In honor of Paul Newman and “Cool Hand Luke,” I’ll review 50 days of eggs from 50 different restaurants.
Day 18: Taste of Ethiopia
1100 Grand Avenue Parkway, Pflugerville. 251-4053, www.tasteofethiopiaaustin.com.
Hours: 11 a.m. to 10 p.m. daily
By Mike Sutter | Fed Man Walking | 01.18.12
In a strip center next to a nail salon and a pizza+Asian restaurant, Taste of Ethiopia is a taste of the unexpected in Pflugerville. The walls glow with warm ochre and painted sunflowers gild the windows. On the patio, the ceiling and columns are braced with blond bamboo. Folk art murals show scenes of village life and smiling children, and every table holds a wide and low conical-topped basket that sets the stage for the Ethiopian dining experience.
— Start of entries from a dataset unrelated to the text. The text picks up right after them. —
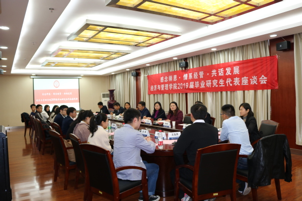 4月4日下午1点,国产直播 在学院604会议室举办“感念师恩•情系经管•共话发展”2019届毕业研究生代表座谈会。国产直播 院长周德群、党委书记焦宏图、副院长王英、党委副书记涂志宏、各系系主任、副主任、毕业生辅导员以及钱梦烨等15名应届硕士毕业生出席了本次座谈会。
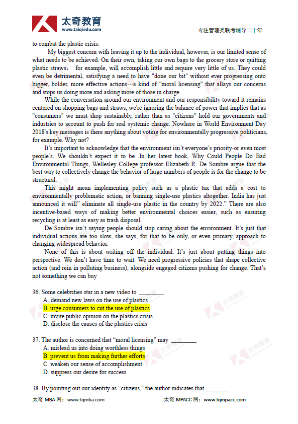 2019年管理類聯(lián)考MBA英語二真題及參考答案(7)
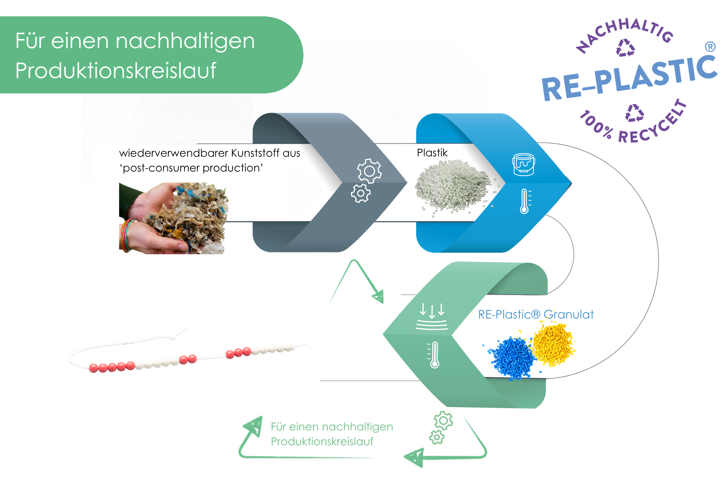 RE-Plastic ist 100% post-consumer-recycelter Kunstoff, der immer wieder zu 100% recycelbar ist.
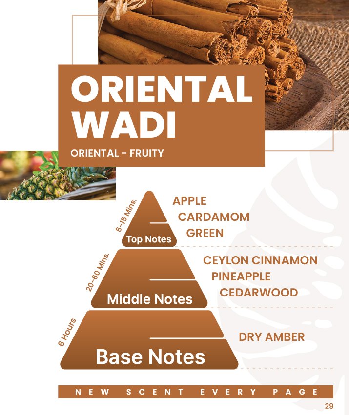 Discover the captivating allure of Oriental Wadi aroma oil from Scentabook, blending the exotic richness of oriental notes with the playful sweetness of fruity accents. Immerse yourself in a sensory journey that transports you to distant lands, where lush orchards meet ancient spice markets. Crafted with precision, Oriental Wadi aroma oil infuses any space with an enchanting aroma that stimulates the senses and ignites the imagination. Elevate your surroundings with this irresistible fragrance, perfect for enhancing relaxation and rejuvenation. Experience the mystique of Oriental Wadi today!

When I came in, a buffet table steamed with lunch dishes for $9.99, but I knew from a review in 2009 that nothing beats the full menu experience here, a luxury available all day.
Doro wot ($13.45) is a ritual that begins tableside in large and small bowls. One carries the heart of the dish: two chicken drumsticks and a hard-boiled egg simmered in a red berbere chile sauce laced with onions. Its flavor falls somewhere in the spice rainbow between the low smoky heat of guajillo pepper and the brighter twang of curry. It engulfs and suffuses the chicken, so tender on the bone without turning soggy. The red oil dyes the egg’s surface a sunrise orange, and it’s scored to let the sauce work through to the yolk.
The meat and egg come together like a collective life force, but it’s Woinee Mariam who brings the dish to life. She and her husband, Solomon Hailu, started Taste of Ethiopia in 2008. First she lays out a wide plate covered by a slightly sour round bread called injera. In texture, it’s like a crepe pocked with air bubbles, and Mariam builds the dish on top of it a spoonful at a time.
For an extra charge, you can supplement that dish with smaller bowls of vegetables: lentils stewed in red berbere sauce (missir wot), or cabbage and potatoes in yellow turmeric (tikil gomen) or a stew of green beans, carrots and tomatoes called fesolia. A basket of rolled injera finishes the tableaux, and all that’s left is for you to tear off pieces of the injera in one of the few dining rooms where they won’t give you funny looks for eating with your fingers.